**Assigned task**
Would you transcribe the records below from the line with "Power of the" to the line with "Gezellige Labubu Kleurplaat: Konijn", ends included, exactly and with nothing more, leaving the pictures out?

(Records excerpted from a collection)

• • •

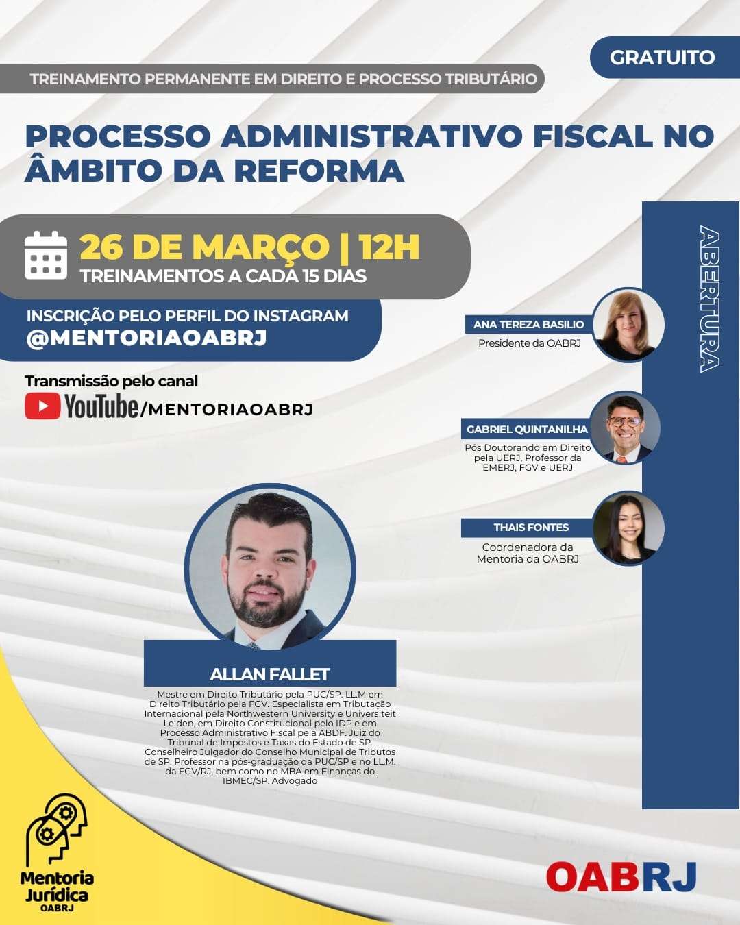 Também estarão no encontro virtual e gratuito, a Coordenadora da Mentoria da OAB-RJ, Thais Fontes, e os advogados Gabriel Quintanilha e Allan Fallet.
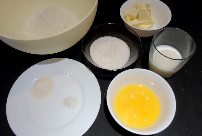 Приготовьте все продукты. Муку смешайте с солью и разрыхлителем.
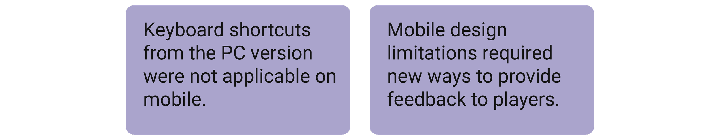 When the programmer started to transition the game to mobile, we noticed the following issues:
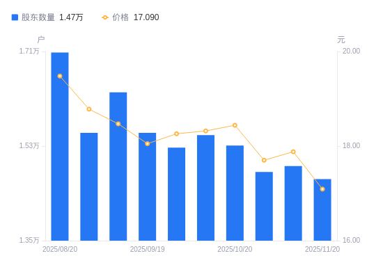 近一年(2024年11月20日至2025年11月20日),双象股份A股股东户数从1.71万户,减低至1.47万户,降幅14.13%,区间股价上涨10.40%。
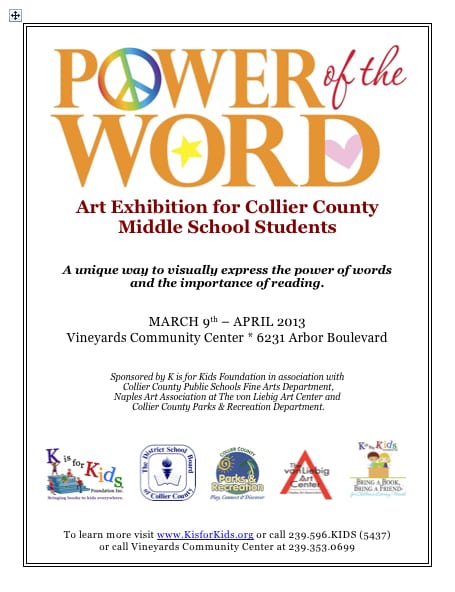 Power of the Word Traveling Art Exhibition, a unique opportunity for middle school students to visually express the power of words.
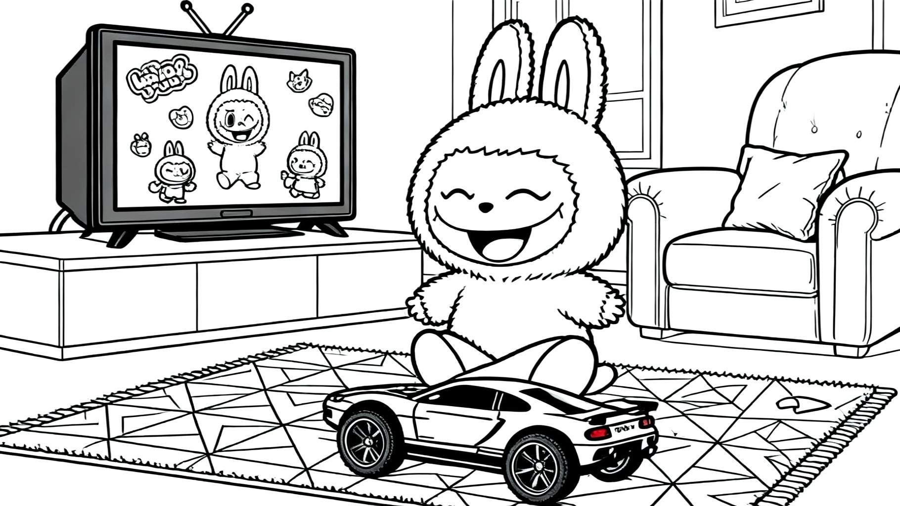 Gezellige Labubu Kleurplaat: Konijn Kijkt Tekenfilm met Speelgoedauto
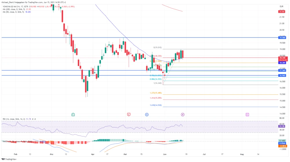 Grundsätzlich ist wichtig, dass Vonovia zunächst das Juni-Hoch bei 19,01 Euro und anschließend das April-Hoch bei 19,90 Euro überwindet. Schafft die Aktie den Sprung über diese Hürden, ist die Trendwende bestätigt und das nächste Ziel der GD200 bei 21,93 Euro. Erst, wenn der Kurs unter das Mai-Tief bei 16,24 Euro fällt, ist das bullishe Szenario obsolet.

• • •

**Written answer**
 Power of the Word Traveling Art Exhibition, a unique opportunity for middle school students to visually express the power of words.
 Gezellige Labubu Kleurplaat: Konijn Kijkt Tekenfilm met Speelgoedauto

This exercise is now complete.